» Exercise details:
Exactly the lines below starting at the line with "NWT Blue Rhinestone" and ending at the line with "武略斋:兵法智慧宝库,藏书丰" are wanted, with both ends included. Leave out the pictures and add no other lines.

» Entries provided:
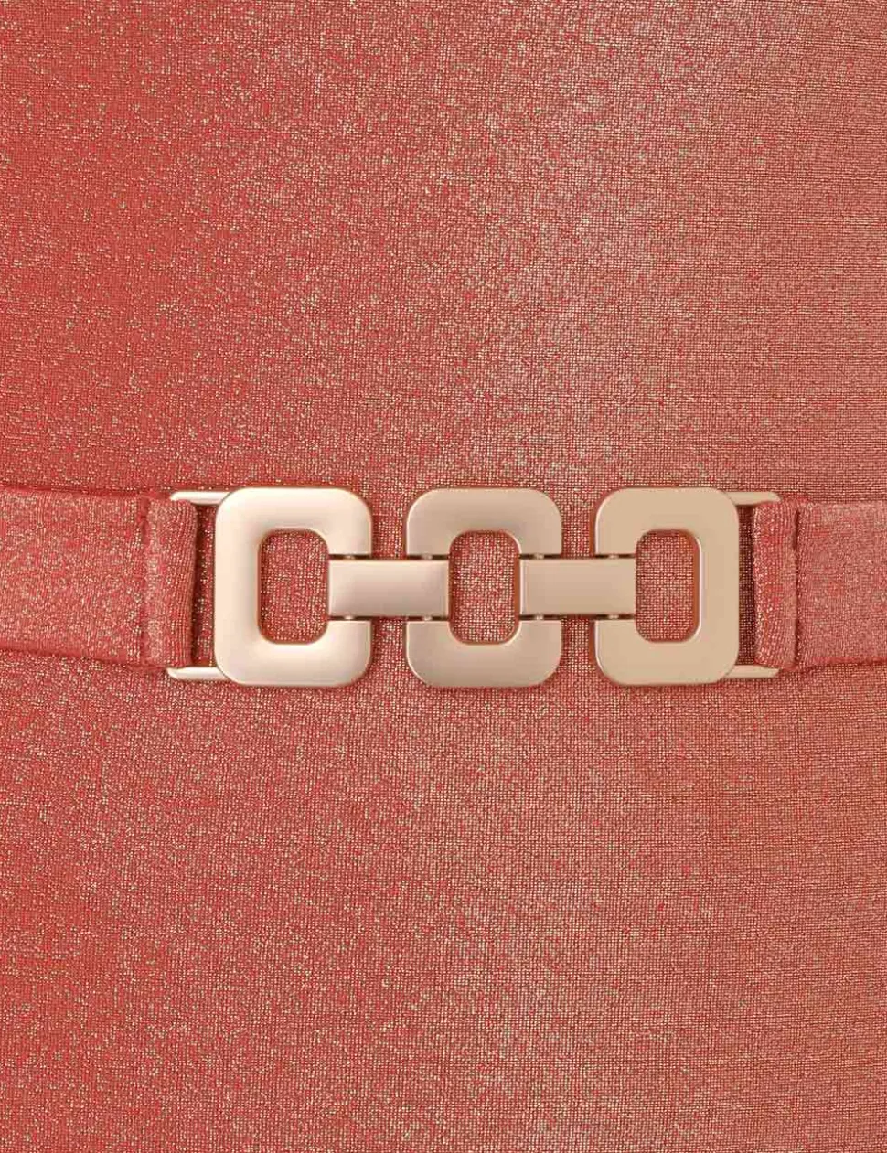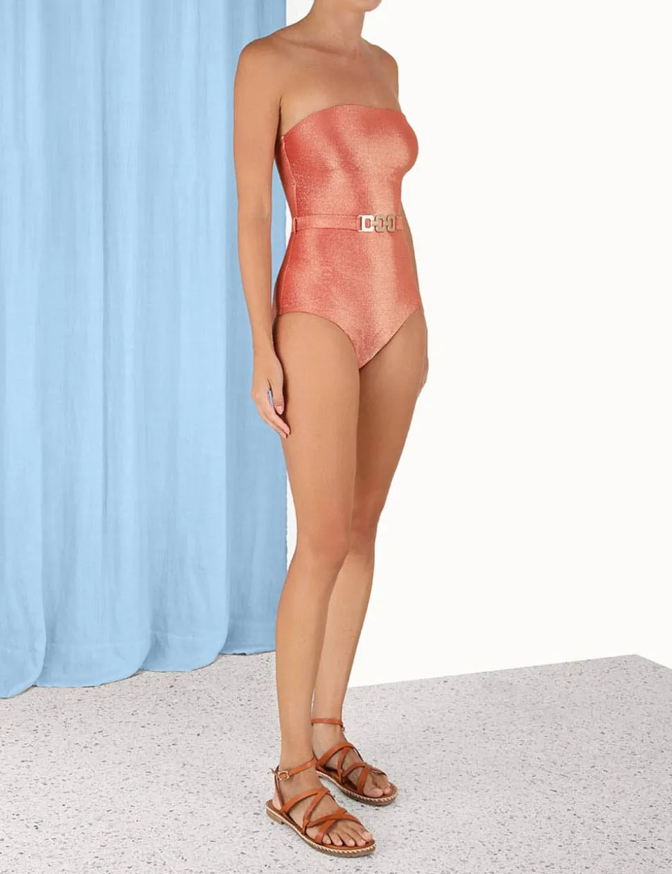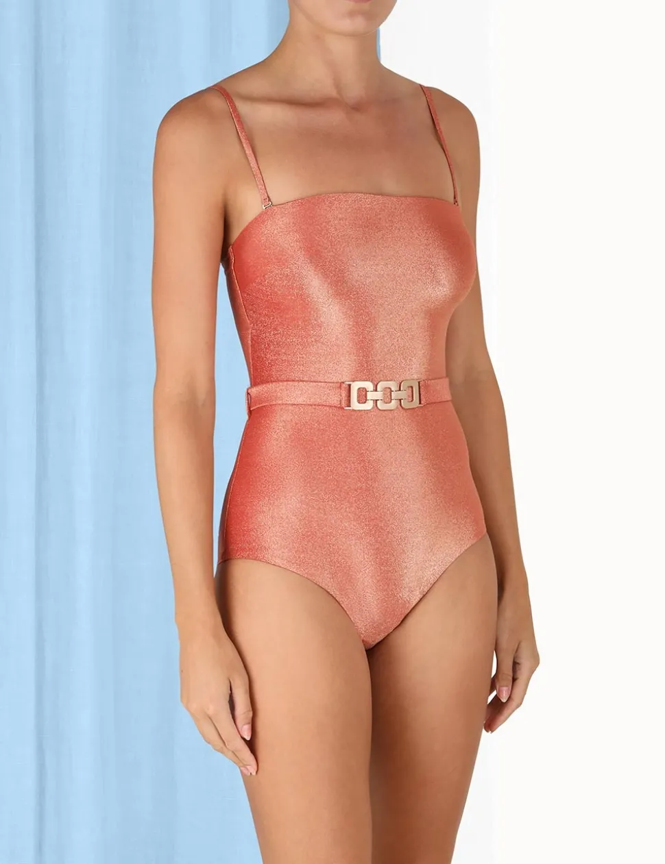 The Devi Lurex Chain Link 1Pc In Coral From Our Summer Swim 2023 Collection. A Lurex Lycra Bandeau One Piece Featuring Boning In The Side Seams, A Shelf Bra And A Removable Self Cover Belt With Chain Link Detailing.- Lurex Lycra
...
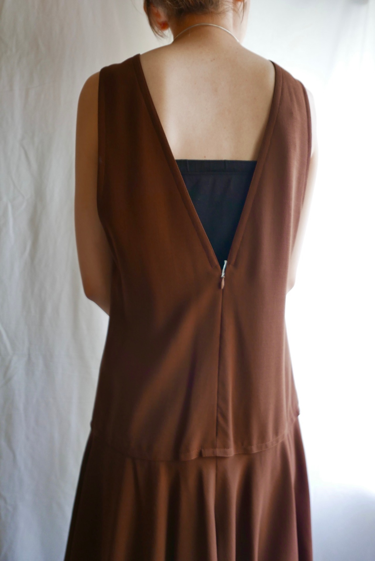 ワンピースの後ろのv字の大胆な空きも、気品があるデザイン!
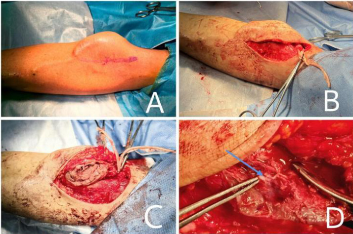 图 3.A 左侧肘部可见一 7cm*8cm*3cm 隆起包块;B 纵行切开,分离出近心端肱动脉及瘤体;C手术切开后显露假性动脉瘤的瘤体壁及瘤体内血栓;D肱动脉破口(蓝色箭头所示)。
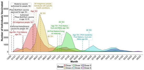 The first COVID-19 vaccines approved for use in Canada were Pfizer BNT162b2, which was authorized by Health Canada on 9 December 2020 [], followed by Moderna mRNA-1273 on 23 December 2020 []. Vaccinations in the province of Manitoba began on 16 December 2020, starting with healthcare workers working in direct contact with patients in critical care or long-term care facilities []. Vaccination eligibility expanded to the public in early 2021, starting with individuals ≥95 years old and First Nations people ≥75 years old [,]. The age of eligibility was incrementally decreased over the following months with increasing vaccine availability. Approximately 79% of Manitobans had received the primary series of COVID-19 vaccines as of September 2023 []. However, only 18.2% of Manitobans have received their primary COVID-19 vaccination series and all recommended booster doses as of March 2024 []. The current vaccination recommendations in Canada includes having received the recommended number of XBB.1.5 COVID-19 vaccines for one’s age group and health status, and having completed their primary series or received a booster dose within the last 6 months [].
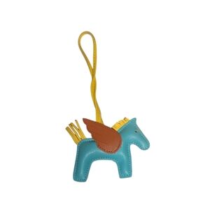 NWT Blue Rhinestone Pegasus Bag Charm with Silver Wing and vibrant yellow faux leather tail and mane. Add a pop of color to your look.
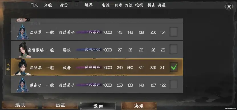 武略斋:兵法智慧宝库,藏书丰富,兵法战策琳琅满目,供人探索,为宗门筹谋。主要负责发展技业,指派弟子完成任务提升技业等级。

» Task answer:
 NWT Blue Rhinestone Pegasus Bag Charm with Silver Wing and vibrant yellow faux leather tail and mane. Add a pop of color to your look.
 武略斋:兵法智慧宝库,藏书丰富,兵法战策琳琅满目,供人探索,为宗门筹谋。主要负责发展技业,指派弟子完成任务提升技业等级。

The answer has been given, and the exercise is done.